● **PROBLEM DESCRIPTION**
Word for word, print each line of the listing below; pictures stay out.

● **DATASET SECTION**
____
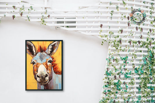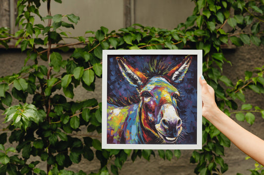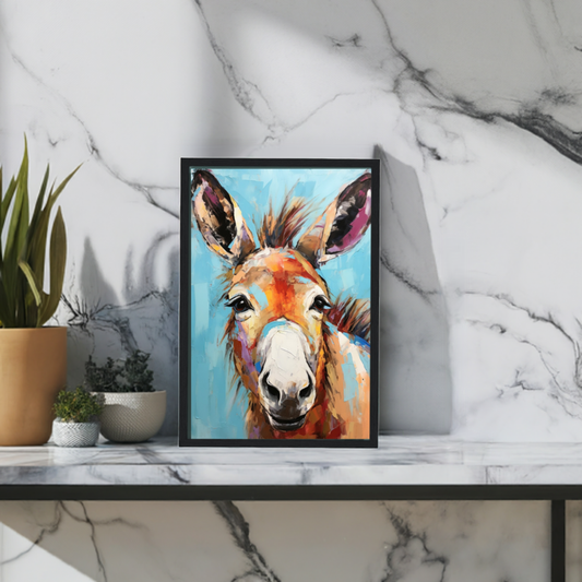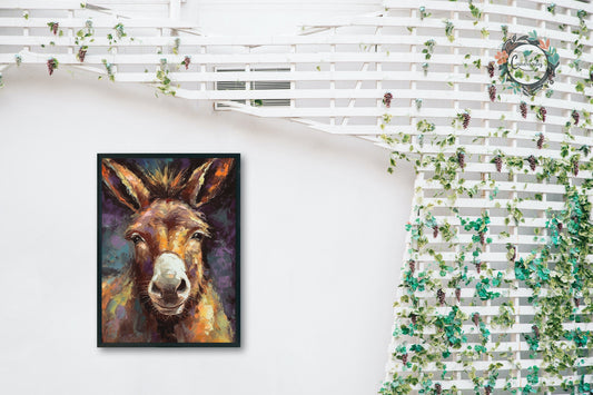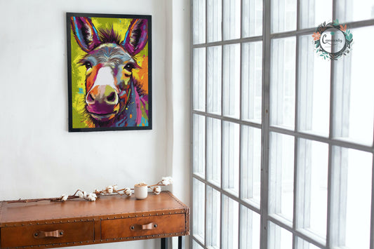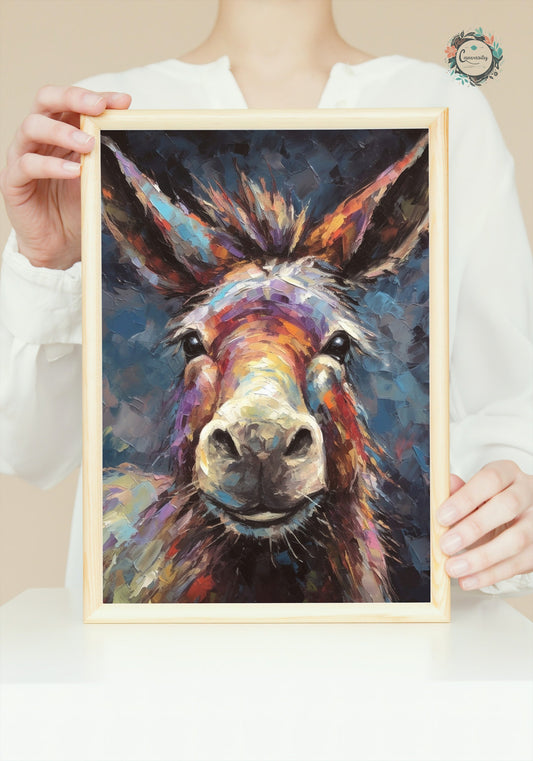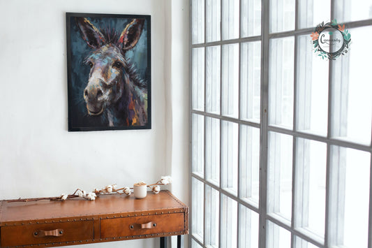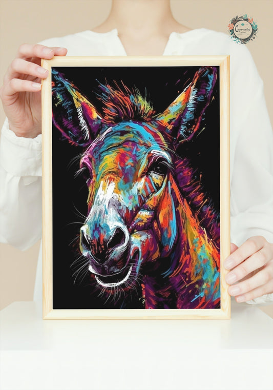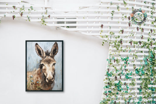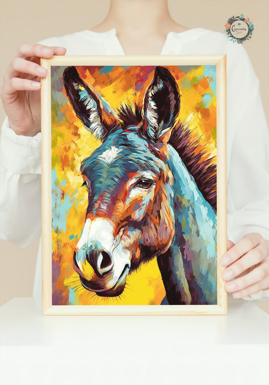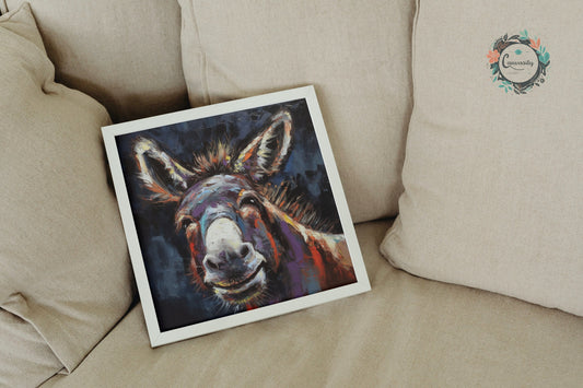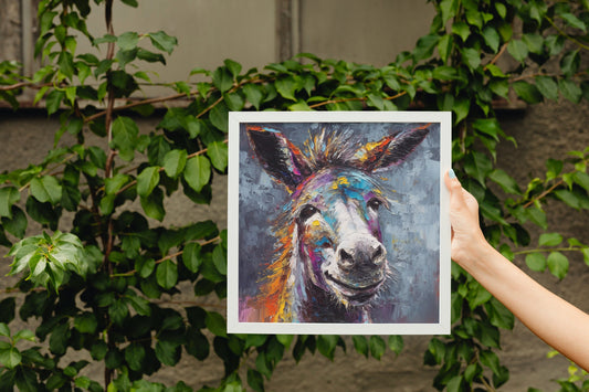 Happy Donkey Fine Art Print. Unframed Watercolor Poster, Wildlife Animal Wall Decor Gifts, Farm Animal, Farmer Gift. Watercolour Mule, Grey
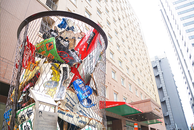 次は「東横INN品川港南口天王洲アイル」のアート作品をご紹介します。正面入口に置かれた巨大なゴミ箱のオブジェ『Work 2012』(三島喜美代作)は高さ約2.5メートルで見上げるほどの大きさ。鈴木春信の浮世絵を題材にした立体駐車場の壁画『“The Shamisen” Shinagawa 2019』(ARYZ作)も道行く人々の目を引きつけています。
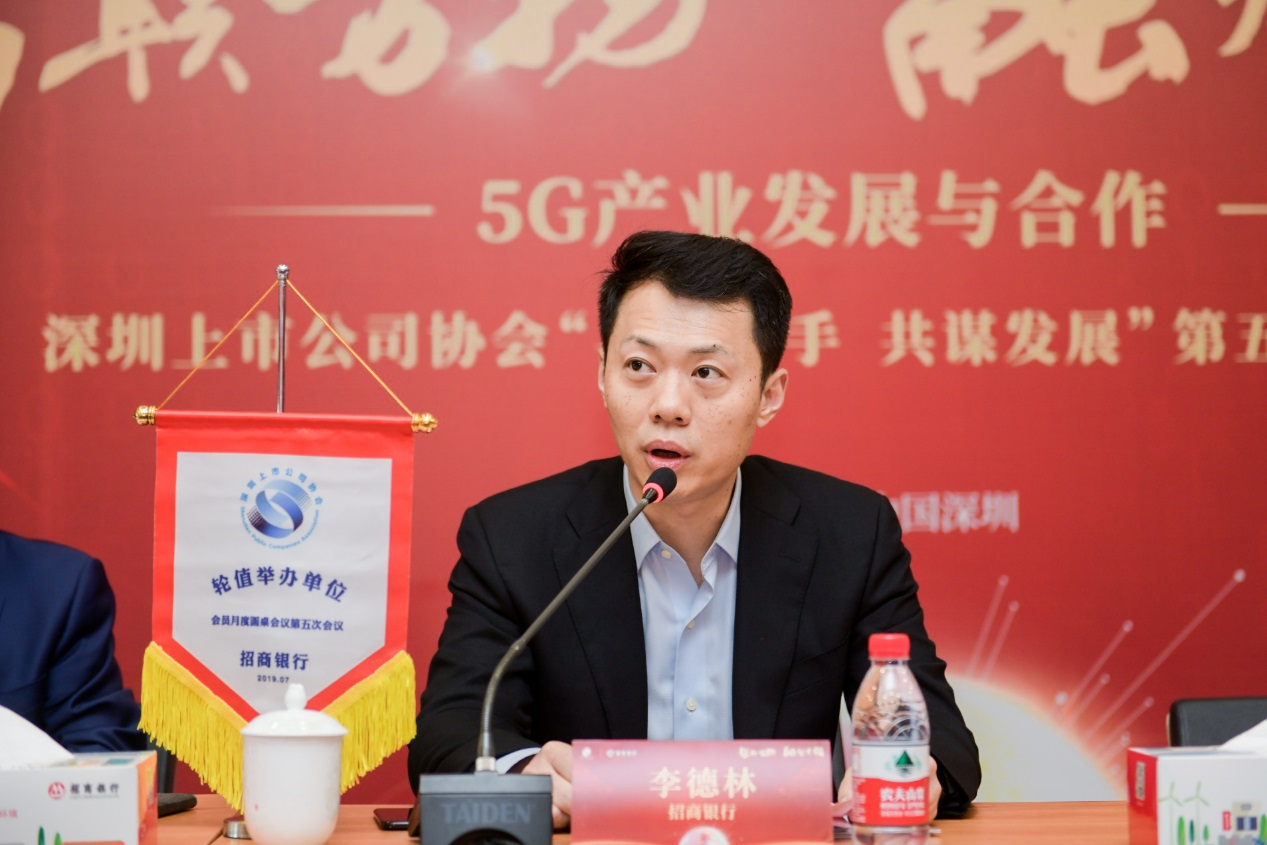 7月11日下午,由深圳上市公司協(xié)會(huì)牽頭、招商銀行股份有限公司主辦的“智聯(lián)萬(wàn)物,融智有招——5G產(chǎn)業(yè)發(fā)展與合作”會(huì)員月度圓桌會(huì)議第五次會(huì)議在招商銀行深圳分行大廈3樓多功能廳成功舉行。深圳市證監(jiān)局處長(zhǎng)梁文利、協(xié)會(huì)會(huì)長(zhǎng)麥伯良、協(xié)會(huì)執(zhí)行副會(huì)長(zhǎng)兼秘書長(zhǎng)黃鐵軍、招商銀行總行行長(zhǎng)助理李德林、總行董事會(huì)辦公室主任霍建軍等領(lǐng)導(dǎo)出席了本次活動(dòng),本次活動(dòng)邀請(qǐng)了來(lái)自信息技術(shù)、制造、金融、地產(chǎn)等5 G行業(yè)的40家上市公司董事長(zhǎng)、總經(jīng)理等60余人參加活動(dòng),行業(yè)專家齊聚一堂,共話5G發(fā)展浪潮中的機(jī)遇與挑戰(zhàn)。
____
● **RESPONSE TO THIS EXERCISE**
 Happy Donkey Fine Art Print. Unframed Watercolor Poster, Wildlife Animal Wall Decor Gifts, Farm Animal, Farmer Gift. Watercolour Mule, Grey
 次は「東横INN品川港南口天王洲アイル」のアート作品をご紹介します。正面入口に置かれた巨大なゴミ箱のオブジェ『Work 2012』(三島喜美代作)は高さ約2.5メートルで見上げるほどの大きさ。鈴木春信の浮世絵を題材にした立体駐車場の壁画『“The Shamisen” Shinagawa 2019』(ARYZ作)も道行く人々の目を引きつけています。
 7月11日下午,由深圳上市公司協(xié)會(huì)牽頭、招商銀行股份有限公司主辦的“智聯(lián)萬(wàn)物,融智有招——5G產(chǎn)業(yè)發(fā)展與合作”會(huì)員月度圓桌會(huì)議第五次會(huì)議在招商銀行深圳分行大廈3樓多功能廳成功舉行。深圳市證監(jiān)局處長(zhǎng)梁文利、協(xié)會(huì)會(huì)長(zhǎng)麥伯良、協(xié)會(huì)執(zhí)行副會(huì)長(zhǎng)兼秘書長(zhǎng)黃鐵軍、招商銀行總行行長(zhǎng)助理李德林、總行董事會(huì)辦公室主任霍建軍等領(lǐng)導(dǎo)出席了本次活動(dòng),本次活動(dòng)邀請(qǐng)了來(lái)自信息技術(shù)、制造、金融、地產(chǎn)等5 G行業(yè)的40家上市公司董事長(zhǎng)、總經(jīng)理等60余人參加活動(dòng),行業(yè)專家齊聚一堂,共話5G發(fā)展浪潮中的機(jī)遇與挑戰(zhàn)。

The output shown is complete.